Source records
********************

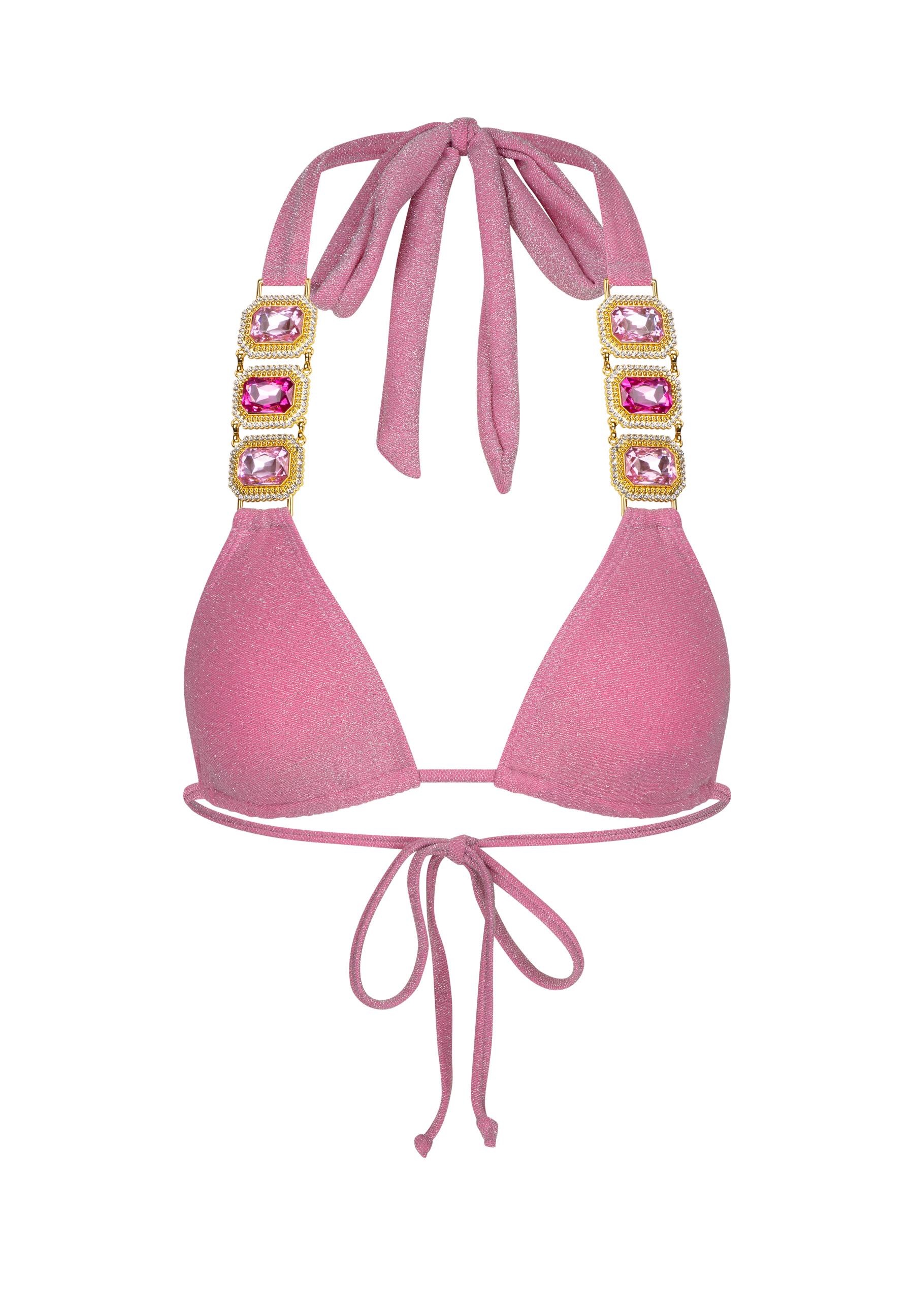 Das super modische Bikini-Oberteil von Moda Minx strahlt mit der Sonne um die Wette! Es ist ein richtiger Hingucker in der Sommerzeit. Durch den tollen Schnitt passt es sich schmeichelnd an den Körper an. Nicht nur perfekt für den Strandurlaub, sondern auch für die Badezeit am See oder Schwimmbad. Das Modell kommt in einem eleganten Design und wird durch große Glitzersteine an den Trägern zum Highlight. Um den Look zu vervollständigen, kombinieren Sie das passende Unterteil dazu.
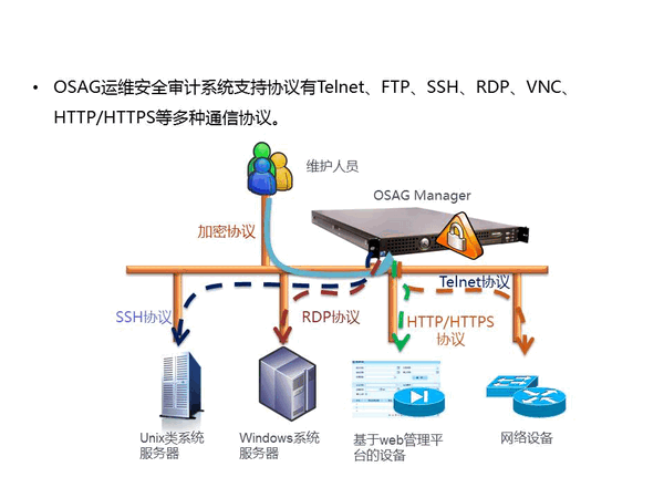 天锐锋OSAG Manager提供了RDP、Telnet、SSH、VNC、HTTP、FTP等协议的支持。可审计设备包括:Unix、Linux、Windows等系统的服务器、各类网络及安全设备、应用系统web管理后台。如下图所示:
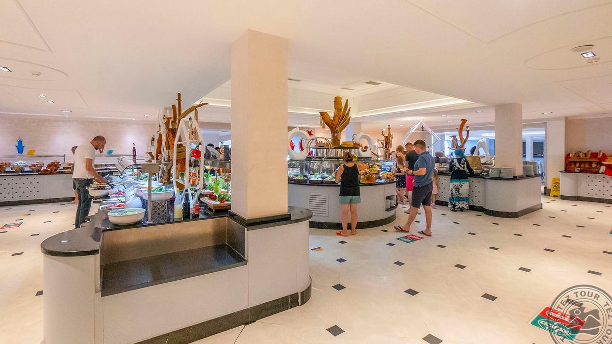Mini baras - papildomas tik vandeniu. A la carte (Žuvies, turkų, italų) mokami, 10 Eur/asm. Vaikų ir infinity baseinai šildomi. Paplūdimys beveik smėlis, nedidelis, neplatus. UAI importiniai paprastesni. Poilsiautojai - lenkai, anglai. Viešbutis turi didelį vandens parką, skirtas visiškai šeimoms, prie pagrindinio baseino dienos metu vyko aktyvi animacija. Kambariai tvarkingi, Neutralių spalvų, turi medžio elementų.
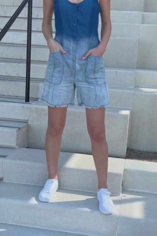Sauni Romper is here for all day comfort! With adjustable straps, an elastic cinched back waist, cool seaming and pleats team up with jersey inserts and a snap-up front closure.
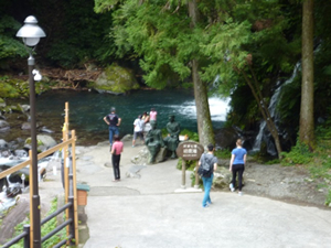 ▲茶屋の前を左に下って行くと二つの川が一つの川の 流れになる所に出合滝があります |
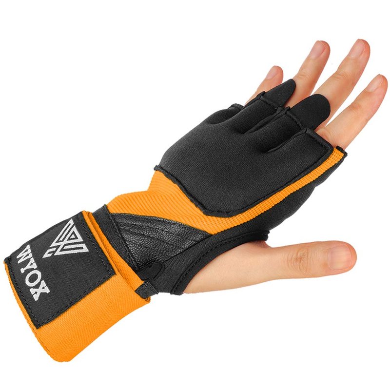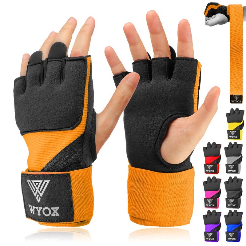 WYOX Gel Premium Hand Wraps for Boxing Gloves, Quick 80cm Wrist Wraps, Padded Knuckle Boxing Wraps for Men, Women, Muay Thai Hand Wraps, MMA Kickboxing Martial Arts Inner Glove (Orange, S-M)
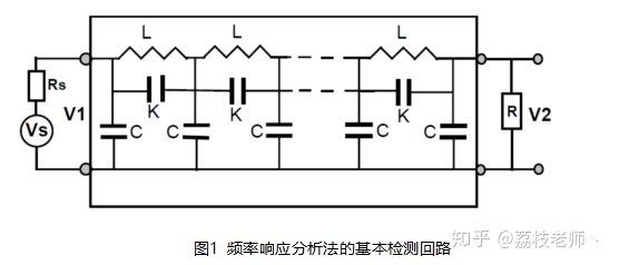 变压器绕组的幅频响应特性采用图1所示的频率扫描方式获得。连续改变外施正弦波激励源VS的频率f(角频率ω=2πf),测量在不同频率下的响应端电压V2和激励端电压V1的信号幅值之比,获得指定激励端和响应端情况下绕组的幅频响应曲线。图中:L、K及C分别代表绕组单位长度的分布电感、分布电容及对地分布电容,V1、V2分别为等效网络的激励端电压和响应端电压,VS为正弦波激励信号源电压,RS为信号源输出阻抗,R为匹配电阻。
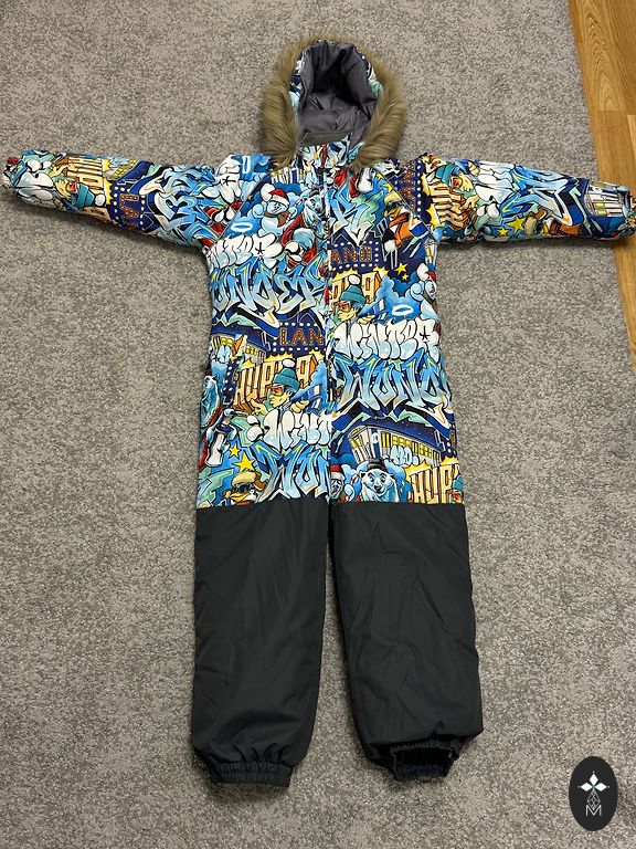 Columbia talvekombinesoon. Sobib ligikaudu 90-98 cm poistele, kuna Out Grown õmblused on lahti tehtud. Puudus - vooder on seestpoolt värvunud. Väljastpoolt kahjustusi pole. Saatmine on hinna sees.
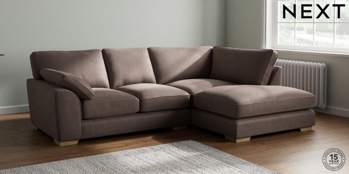 7.2.10 Buy Stamford Grand Relaxed Sit Medium Corner Chaise - Right Hand Luxe Chenille Mink Brown Large Square Angle - Light from the Next UK online shop Click here to use our accessible website

********************

» Work item:
Output all the records above exactly, but without their images.

» Answer to the exercise:
 Das super modische Bikini-Oberteil von Moda Minx strahlt mit der Sonne um die Wette! Es ist ein richtiger Hingucker in der Sommerzeit. Durch den tollen Schnitt passt es sich schmeichelnd an den Körper an. Nicht nur perfekt für den Strandurlaub, sondern auch für die Badezeit am See oder Schwimmbad. Das Modell kommt in einem eleganten Design und wird durch große Glitzersteine an den Trägern zum Highlight. Um den Look zu vervollständigen, kombinieren Sie das passende Unterteil dazu.
 天锐锋OSAG Manager提供了RDP、Telnet、SSH、VNC、HTTP、FTP等协议的支持。可审计设备包括:Unix、Linux、Windows等系统的服务器、各类网络及安全设备、应用系统web管理后台。如下图所示:
Mini baras - papildomas tik vandeniu. A la carte (Žuvies, turkų, italų) mokami, 10 Eur/asm. Vaikų ir infinity baseinai šildomi. Paplūdimys beveik smėlis, nedidelis, neplatus. UAI importiniai paprastesni. Poilsiautojai - lenkai, anglai. Viešbutis turi didelį vandens parką, skirtas visiškai šeimoms, prie pagrindinio baseino dienos metu vyko aktyvi animacija. Kambariai tvarkingi, Neutralių spalvų, turi medžio elementų.
Sauni Romper is here for all day comfort! With adjustable straps, an elastic cinched back waist, cool seaming and pleats team up with jersey inserts and a snap-up front closure.
 ▲茶屋の前を左に下って行くと二つの川が一つの川の 流れになる所に出合滝があります |
 WYOX Gel Premium Hand Wraps for Boxing Gloves, Quick 80cm Wrist Wraps, Padded Knuckle Boxing Wraps for Men, Women, Muay Thai Hand Wraps, MMA Kickboxing Martial Arts Inner Glove (Orange, S-M)
 变压器绕组的幅频响应特性采用图1所示的频率扫描方式获得。连续改变外施正弦波激励源VS的频率f(角频率ω=2πf),测量在不同频率下的响应端电压V2和激励端电压V1的信号幅值之比,获得指定激励端和响应端情况下绕组的幅频响应曲线。图中:L、K及C分别代表绕组单位长度的分布电感、分布电容及对地分布电容,V1、V2分别为等效网络的激励端电压和响应端电压,VS为正弦波激励信号源电压,RS为信号源输出阻抗,R为匹配电阻。
 Columbia talvekombinesoon. Sobib ligikaudu 90-98 cm poistele, kuna Out Grown õmblused on lahti tehtud. Puudus - vooder on seestpoolt värvunud. Väljastpoolt kahjustusi pole. Saatmine on hinna sees.
 7.2.10 Buy Stamford Grand Relaxed Sit Medium Corner Chaise - Right Hand Luxe Chenille Mink Brown Large Square Angle - Light from the Next UK online shop Click here to use our accessible website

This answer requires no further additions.